PCR reactions were performed essentially as previously described [3]. To amplify cDNA corresponding to mouse S100A7/psoriasin, an initial 2 minutes at 94°C was followed by 36 cycles (30 seconds at 94°C, 30 seconds at 56°C, 30 seconds at 72°C). Twenty six cycles were used to amplify β-actin cDNA (30 seconds at 94°C, 30 seconds at 58°C, 30 seconds at 72°C). PCR products were separated on 1.5% agarose gels containing ethidium bromide (0.1 μg/ml) as previously described [13]. Identity of the 344 bp product corresponding to mouse S100A7/psoriasin and the 330 bp product corresponding to β-actin were confirmed by subcloning and sequencing as described previously [13].
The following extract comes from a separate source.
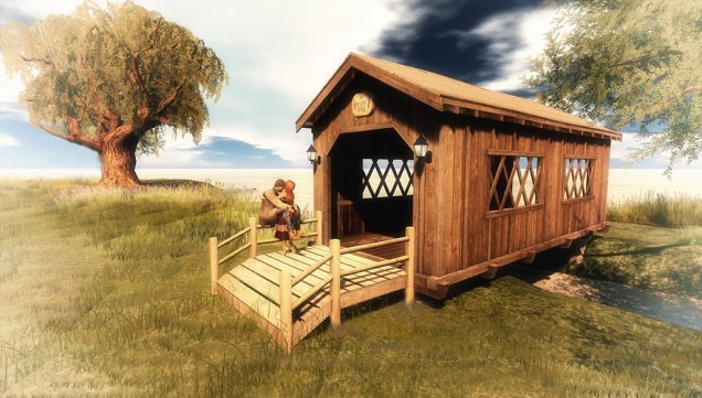 The height of romance is a walk in the country, capped off by a kiss on a wooden bridge. The Old Kissing Bridge is the latest main store release from {what next}. It comes with three texture choices, plus lanterns and steps for decoration. There is even a sign that has three choices of text, plus a plain version in case you want to add your own. The bridge rests on stone piers that can be sunk into the ground or left exposed. On my land, it worked best to sink them, so they aren’t visible, but the texturing is lovely.
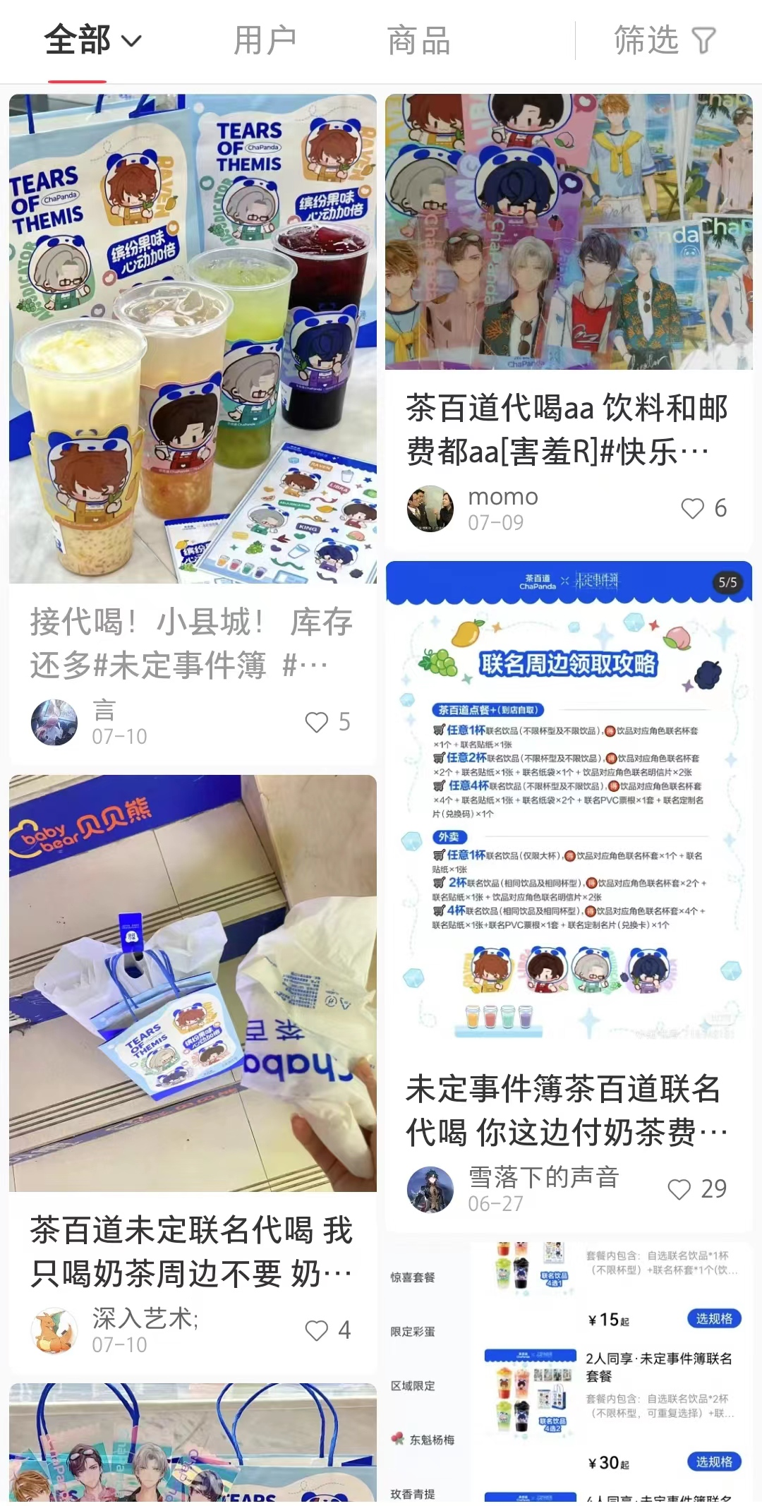 由于门店的区域性限制难以满足粉丝需求,闲鱼和小红书的用户甚至还兴起了代喝业务。需要玩家负责奶茶套餐的费用,代喝者帮买后把全部周边寄给玩家,邮费由代喝者承担。相当于代喝者花低价喝到了4杯茶百道奶茶,而玩家花钱买到一套周边,这波算是各取所需。

Semi-quantitative PCR analyses were performed using three independent PCRs for each sample for both mouse S100A7/psoriasin and β-actin. Signals visualized with UV irradiation on a GelDoc2000/ChemiDoc System (Bio-Rad), were quantified by densitometry using the Quantity One software (version 4.2; Bio-Rad). Mouse S100A7/psoriasin expression was standardized to β-actin expression assessed from the same cDNA in separate PCR reactions and run in parallel on separate gels. The standardized mean of each triplicate PCR was then expressed relative to the levels in a "moderately expressing" sample selected for each batch of cDNAs to be analyzed.
Phylogenetic analysis
Amino acid sequences of S100 family genes were aligned using Clustal X [15]. This alignment was used to construct a phylogenetic tree based on a Poisson corrected neighbour-joining distance method [16] available in the computer software package MEGA v3.0 [17]. The reliability of the phylogeny's interior branches was tested by a bootstrap test with 1000 replications [18]. The human sequences used, were GenBank Accession numbers: AAH05019 (S100A14), NP_789793 (5100A15), NP_006262 (S100A1), NP_005969 (S100A2), NP_002951 (S100A3), AAH00838 (S100A4), NP_002953 (S100A5), AAH09017 (S100A6), AAH34687 (S100A7), XP_060509 (S100A7L-2), AAH05928 (S100A8), AAH47681 (S100A9), AAH15973 (S100A10), AAH14354 (S100A11), NP_005612 (S100A12), NP_002952 (S100A13). The mouse sequences used, were GenBank Accession numbers: NP_035439 (S100A1), NP_035440 (S100A3), NP_035441 (S100A4), NP_035442 (S100A5), AAH03832 (S100A6), NP_955454 (S100A7/15), NP_038678 (S100A8), AAH27635 (S100A9), AAH25044 (S100A10), AAH21916 (S100A11), NP_033139 (S100A13), AAH25607 (S100A14).